Der Warnstreik in den Kitas bezieht sich auf die Vorgabe in der Koalitionseinbarung, dass der Personalschlüssel in den Kitas angepasst wird an den, der in den Schulhorten im Osten schon lange existiert. Das ist keine Verbesserung, aber angesichts der Rahmenbedingungen in der Stadt noch vertretbar. Eigentlich ist die Stadt ja schon nicht mehr handlungsfähig. Ein Teil der Problem ist hausgemacht, aber es hat auch etwas mit den bundespolitischen Rahmenbedingungen zu tun. Die sind eben unzureichend, so dass wir das im Wahlkampf thematisieren werden. Berlin hatte allein durch die Steuerreform Einnahmeeinbußen hinzunehmen.

Auf der Landesebene ist das Verhältnis zwischen rot-roter Koalition und den Gewerkschaften sehr angespannt.

Das ist richtig, und hier sind von Seiten des Senats erhebliche Fehler gemacht worden. In der Kommunikation mit den Gewerkschaften sind einige davon ausgegangen, dass man die Gewerkschaften am ehesten an den Verhandlungstisch kriegt, wenn man eine massive Drohkulisse aufbaut. Das führt zwangsläufig zu Gegenreaktion. Bis heute liegt kein klares Verhandlungsangebot des Senats an die Gewerkschaften auf dem Tisch, statt dessen werden Einzelvorschläge wie die zehnprozentige Lohnkürzung gemacht.

Hat Finanzsenator Thilo Sarrazin damit einen Fehler gemacht?

Es macht keinen Sinn, unabgestimmte Einzelvorschläge zu machen. Der öffentliche Arbeitgeber muss einen Gesamtvorschlag machen, was, wie und wann beim Solidarpakt verhandelt werden soll.

Sie sprechen vom Senat wie von einem unbekannten Wesen. Die PDS ist Teil der Koalition.

Ich bin Fraktionsvorsitzender und habe die Aufgabe, den Senat, wenn es angebracht ist, zu kritisieren. Hier sind Fehler gemacht worden, und der Senat steht jetzt in der Bringpflicht, das Gesprächsklima mit den Gewerkschaften auf eine andere grundlage zu stellen.

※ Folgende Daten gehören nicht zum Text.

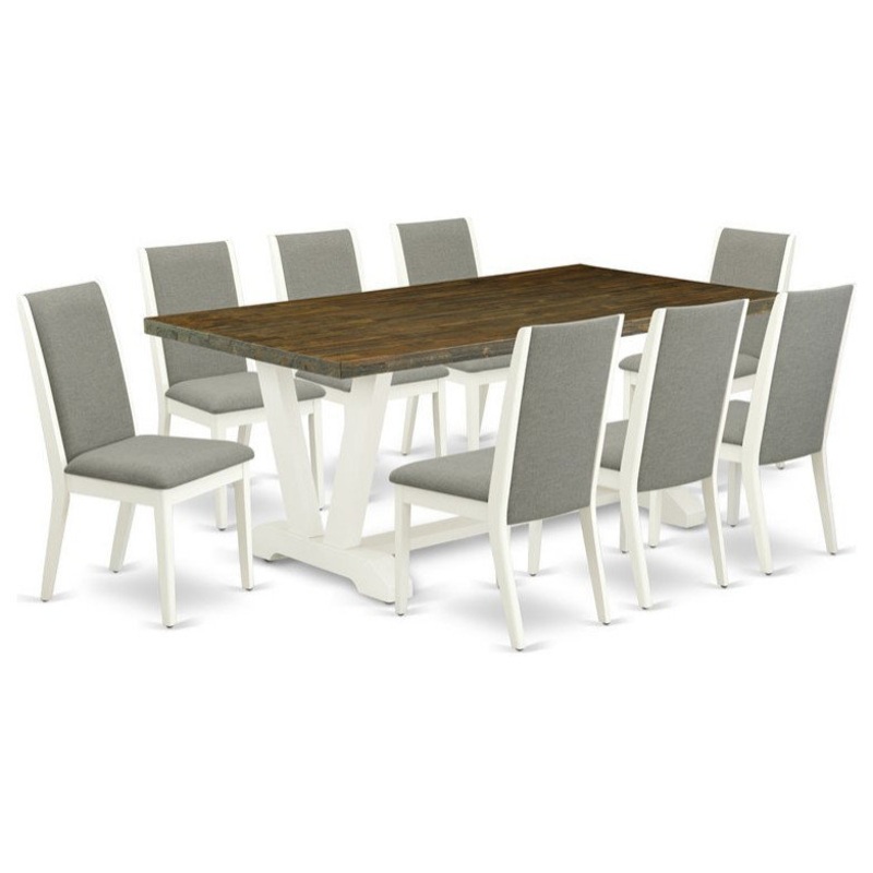 This modern dining table set includes 8 wonderful Padded Parson Chairs and an amazing modern dining table. This rectangular dining table is offered in an elegant Linen White finish. In addition, the Kitchen Chairs in a Shitake linen fabric to enhance the elegance of any kitchen or dining room. Our dining room table set provides great durability because this wood table is built from high quality Asian Wood which can bear the weight of 3 Lbs. We have created these Parson dining room chairs and a rectangular dining table with the help of highly experienced carpenters, who generate a smooth and high-end finish to this rectangular table set. We try to offer innovative as well as easy to assemble products. Our high-quality dining room table set is perfect for you and your beautiful dining area as well as the kitchen area. You can use it for casual home parties or intimate gatherings. Keep enjoying East West modern furniture!

Bis wann soll der Senat seine Vorschläge vorlegen? Und was kann er den Gewerkschaften als Gegenleistung anbieten?

Das muss noch vor der Sommerpause geschehen. Grundsätzlich muss es um die Umverteilung von Arbeit und Einkommen gehen, das heißt mehr Freizeit gegen den Verzicht auf Einkommensbestandteile. Wir brauchen einen neuen Anlauf in der Verwaltungsreform. Man kann nur Personal abbauen, wenn man auch die Aufgaben der Verwaltung neu definiert. Wir brauchen aber auch einen Einstellungskorridor, weil der öffentliche Dienst sonst überaltert.